Currently trying to add a custom_model on ray rllib, for a GNN using PyTorch. Using multi agent reinforcement learning (Specifically PPO).
The scenario is inventory management where I model each node in my supply chain as an agent. I define a connections dictionary e.g. {0: [1], 1: [2], 2: []} where it denotes 0 --> 1 --> 2
I then proceed to create my network using
def create_network(connections):
num_nodes = max(connections.keys())
network = np.zeros((num_nodes + 1, num_nodes + 1))
for parent, children in connections.items():
if children:
for child in children:
network[parent][child] = 1
In my init in the environment, I initialise my environment with graph = nx.from_numpy_array(self.network)
I then define another function graph_from_state (See below) as follows where I convert my graph into a pytorch geometric data structure. For simplicity, I haven't added my obs vector within my node_features dictionary (but that is the plan) and as such I have define my observation within a graph.
The plan was to use this data.x and data.edge_index in my custom GNN model. However, I have realised that I can't do this due to my SampleBatch being done automatically and don't being able to change this. I also tried adding these two variables into my infos dictionary but SampleBatch automatically converts dictionary into tensor.
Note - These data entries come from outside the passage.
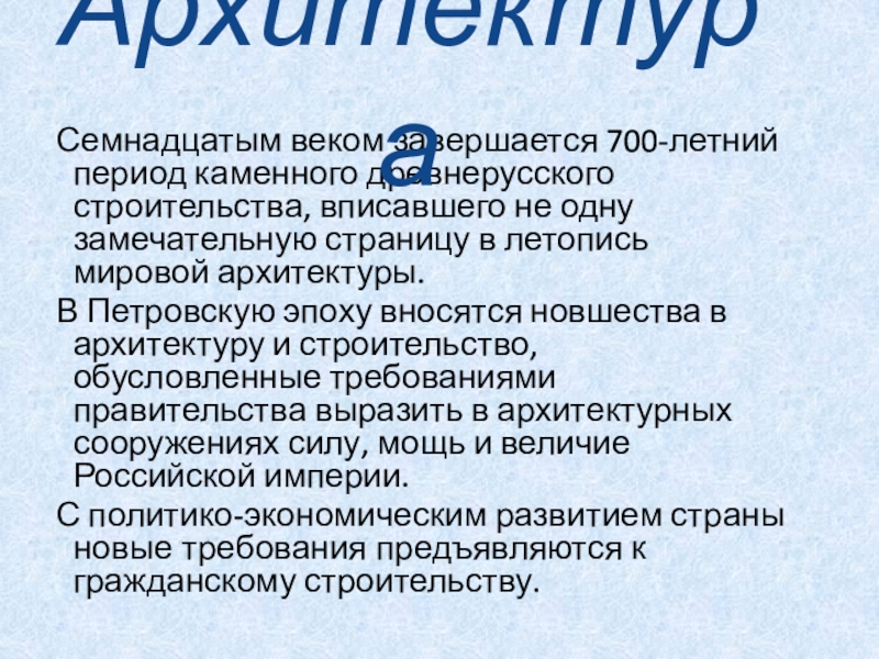 Слайд 9Семнадцатым веком завершается 700-летний период каменного древнерусского строительства, вписавшего не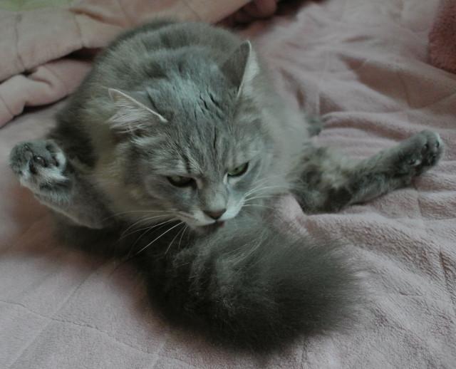 さっちゃんが私の布団の上で毛づくろいをしてるな~と思ってふと見ると、、、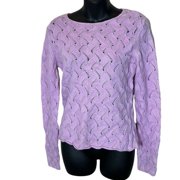 I.magnin vintage open wavy 3D knit 2 ply cashmere sweater small pointelle

When I fix both my x and edge_index (just to help me debug), I end up in an issue where the Sample Batch has different sizes for v_predt and rewards? Why would this happen and how would I fix this? The error specifically was: delta_t = rollout[SampleBatch.REWARDS] + gamma * vpred_t[1:] - vpred_t[:-1] ValueError: operands could not be broadcast together with shapes (32,) (12,)
***I have tried many things and failing - my question is how do I go about integrating my GNN model with multi agent in ray.rllib? Does anyone have any examples?
def graph_from_state(self):
graph1 = self.graph.copy()
node_features = {i : {"node_price": self.node_price[i], \
"node_cost": self.node_cost[i], \
"order_max": self.order_max[i],\
"inv_max": self.inv_max[i],
}
for i in range(self.num_nodes)}
print(node_features)
nx.set_node_attributes(graph1, node_features)
for node in range(self.num_nodes):
print(graph1.nodes[node])
self.network = create_network(self.connections)
print(graph1.nodes())
print(node_features)
self.data = from_networkx(graph1)
node_feature = torch.stack([
self.data.node_price,self.data.node_cost, self.data.order_max, \
self.data.inv_max],
dim=1
)
self.data = Data(x = node_feature, edge_index = self.data.edge_index)
self.edge_index = self.data.edge_index
self.x = self.data.x